Vision and Visuality in European Philosophy

2000-2003

 

This series of seminars was designed as a review of the Western philosophical tradition through the conceptual lens of vision and visuality. Thus, the seminars participants analysed the ways of interpreting the key concepts and categories of visuality in key texts by “the founders of discourse”; explicated a categorial invariant and historical variations of a descriptive language used for communicating a visible world and transcendental sphere, as well as the very parameters of vision”; explicated key ideas and metaconcepts (eidos, the image of a Platonian cave, etc) as a result and at the same time a structuring factor of different epochs mentality.

 

Visual (as) Violence

2001-2002

 

The central topic of these seminars became violence in visual representations considered in the context of marxist studies, feminist theories, and psychoanalysis.

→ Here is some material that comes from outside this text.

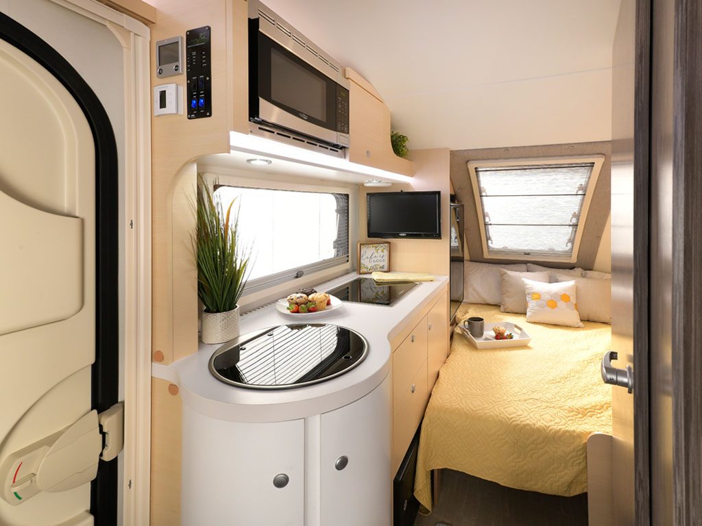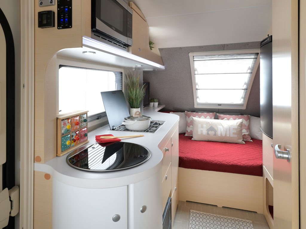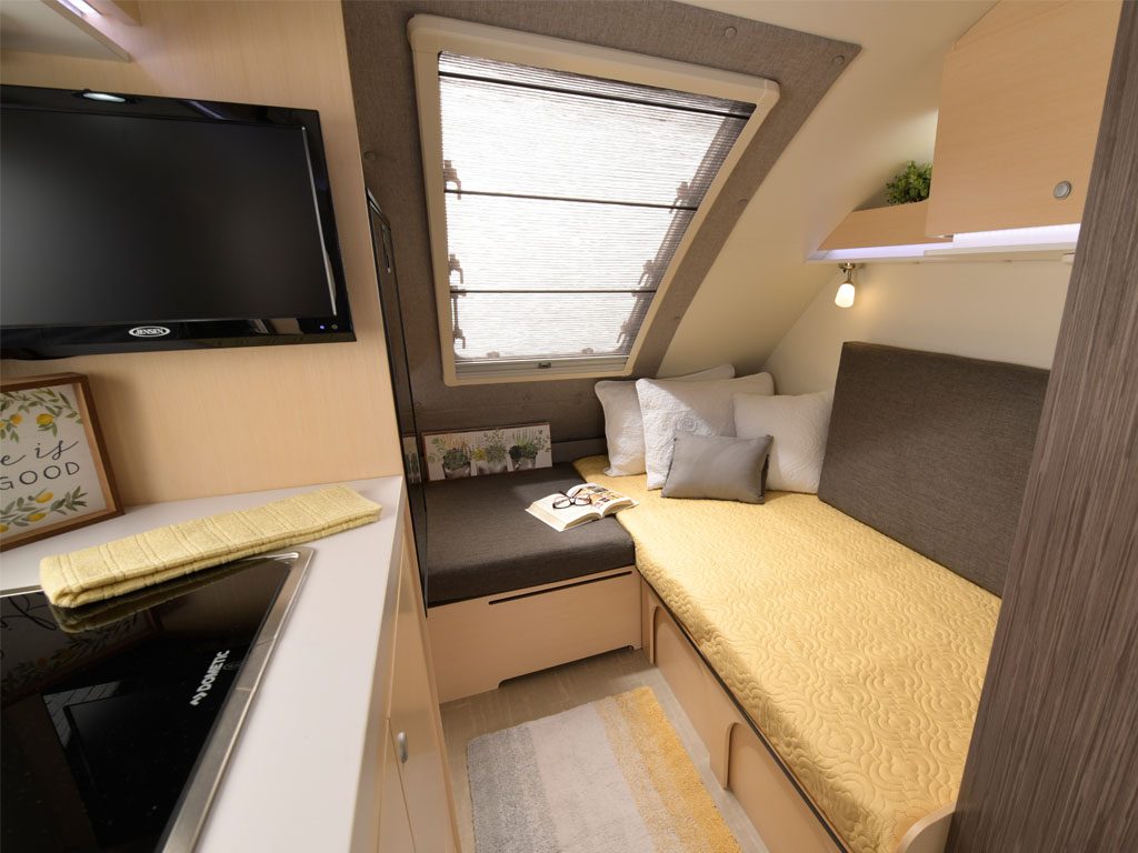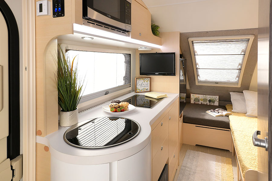 Do you love the teardrop design, but need more room? The TAB 400 is our largest and most spacious teardrop camper. It’s perfect for adventurers who like to get out and stay out for longer periods of time. Inside the camper, you get a dedicated queen size sleeping area, spacious wet bath, roomy kitchen, plenty of storage, and a dinette that can convert into a second sleeping area. With all of that, the TAB 400 is your home away from home.

Visual violence was interpreted not only as showing the scene of violence on a screen but first and foremost as an inventory of techniques of coercion (for looking) and repression (of a gaze) that were employed in every art genre but more common for a “cinematographic apparatus”. This series of seminars resulted in a collective volume “Visual (as) violence” (ed. by A.Ousmanova).

 

Visual Antropology of Soviet Culture

2001-2002

 

The main aim of this seminar was to research the everyday culture of Homo Soveticus and sociocultural mechanisms of construing (individual) memory through visual media. It was presupposed that this reconstruction of history can be realized through creating a “situation of speech” of a certain individual (connected with the Big History by his own individual biography) as well as through exploring its visible representatives – films, television, photographies, posters, and other artefacts. As a result, the focus of the participants’ attention were the structures of the Imaginary, mnemotechniques, based on employing visual materials, and – the last but not the least – the very visual culture of the Soviet era in its documents and monuments.

 

The Observer. A Seminar On Cultural Analytics

2005-2006

 

This series of public lectures and seminars focused on the conceptual and methodological issues in the sphere of cultural analytics. The topics and research objects that were elaborated through these seminars included (but were not limited to) medialandscape, animation cinema, maps and/as ideology, manipulation in/through photography, and others.

 

Contemporary Interpretations and Receptions of Roland Barthes Ideas in Eastern Europe

2015

 

This seminar was a part of a broader series of events celebrating Roland Bartes’ 100th anniversary. This particular event took place in Minsk and aimed at answering the following questions: What concepts of Roland Barthes could be seen as the most heuristic and useful for research work, art practices, and teaching? What are the traces of his ideas in artistic, philosophical, literary, architectural circles? How is perceived the break between structuralist and poststructuralist approaches in our own intellectual history? In what way the “negative semiology” of Barthes, aiming at demystification of ideological discourses, is useful for understanding of contemporary culture? And what instruments of Barthes’ analysis appear the most actual in the Other Time – in the epoch of digital textuality and new tecnhology?.